0
votes

As the title says, could DataInputStream.read() override previously read bytes if there are more bytes available than the size of buffer, if in the first read some bytes were missed ?

There are fixed size packets exchanged between peers, and it is possible that two packets are available at the Socket. Let's say that size of one packet is 500, and there are two packets of total size 1000 available at the socket. Additionally, let's say that read fetches 400 bytes out of available 1000.

  • Is it even possible that read() doesn't read all 500 bytes if they are available ?

  • What will happen when read is invoked again, is it possible that more than 100 bytes are read ?

It is not really clear to me what happens in that case given the javadoc:

The first byte read is stored into element b[0], the next one into b[1], and so on. The number of bytes read is, at most, equal to the length of b.

I would like to know if below block of code should be modified as shown in comment to read only one packet fully.

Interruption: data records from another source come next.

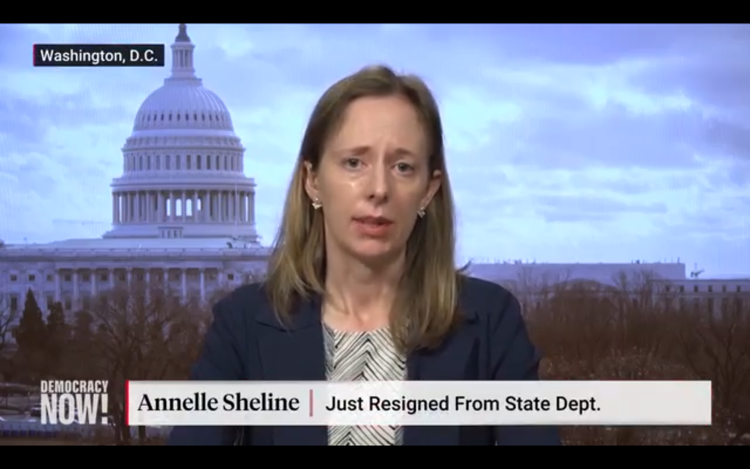 A State Department official working on human rights issues in the Middle East resigned Wednesday in protest of U.S. support for Israel’s assault on Gaza. Annelle Sheline, who worked as a foreign affairs officer in the Bureau of Democracy, Human Rights and Labor, was not planning on publicly resigning, but her colleagues asked her to “please speak out” against the Biden administration’s unconditional support for Israel. “At the end of the day, many people inside [the State Department] know that this is a horrific policy, and can’t believe that the United States government is engaged in such actions that contravene American values so directly, but the leadership is not listening,” says Sheline. “I’m trying to speak on behalf of those many, many people who feel so betrayed by our government’s stance.” Sheline describes being moved by the words of Aaron Bushnell, the active-duty U.S. airman who set himself on fire outside the Israeli Embassy in protest of the war on Gaza, who implored everyone to take a stand against genocide. “I have a young daughter, and I thought about, in the future, if she were to ask me, ‘What were you doing when this was happening? You were at the State Department.’ I want to be able to tell her that I didn’t stay silent.”
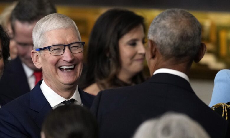 يحية تيم كوك ، الرئيس التنفيذي لشركة أبل ، الرئيس السابق باراك أوباما في افتتاح الرئيس الأمريكي دونالد ترامب في كابيتول روتوندا في واشنطن العاصمة ، في 20 يناير 2025.
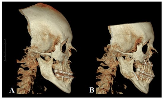 Representative 3D reconstructions of cone beam computed tomography (CBCT) examinations. Patient was diagnosed with class III skeletal malocclusion. (A) CBCT performed during pre-surgical orthodontic treatment. (B) Postsurgical treatment CBCT. The Le Fort I osteotomy of maxilla and the bilateral sagittal split osteotomy of mandible have been performed. The protrusion of maxilla and the retrusion of mandible were conducted to restore proper occlusal status. Osteosynthesis elements are visible (white) within both jaws.

    while ((readBytes = stream.read(buffer)) != -1) {

        totalBytes += readBytes;

        if (totalBytes < buffer.length) { // must this be != instead of < ?

            continue;
        }

        // all bytes are available
        else {

            break;
        }
1
Your example is unclear - you talk about one packet of size 500, and two packets of size 1000, with only two packets in total.Jon Skeet
I mean, there are 1000 bytes available before read. Buffer is of size 500 and i would like to read only 500 belonging to first packet. Buffer is byte[] passed to read method.John
I am not even sure if such situation is possible. Since it's not clear to me will read pick up all bytes available at the point of reading.John
And how big is the buffer? Basically it's all still somewhat confused at the moment...Jon Skeet
(You may want to use readFully instead of read...)Jon Skeet

1 Answers

1
votes

Each time you call read(byte[]), it will:

  • Block until at least one byte is read from the input, or the input is closed
  • Copy bytes from the input into the array, starting at index 0 of the array
  • Return when there are no more bytes available (typically, anyway - it could have some delay where it waits a while for more to become available)

There's no memory of previous read calls - it won't start writing into the array at the previous index. If you want that behaviour, you need to write it yourself:

byte[] buffer = new byte[500];
int totalRead = 0;
while (totalRead < buffer.length) {
    // Pass in an offset and length, so we can keep reading into the
    // next part of the array.
    int bytesRead = input.read(buffer, totalRead, buffer.length - totalRead);
    if (bytesRead == -1) {
        throw new EOFException(); // Or whatever... stream ended early
    }
    totalRead += bytesRead;
}

... or call readFully() which will basically do the same thing.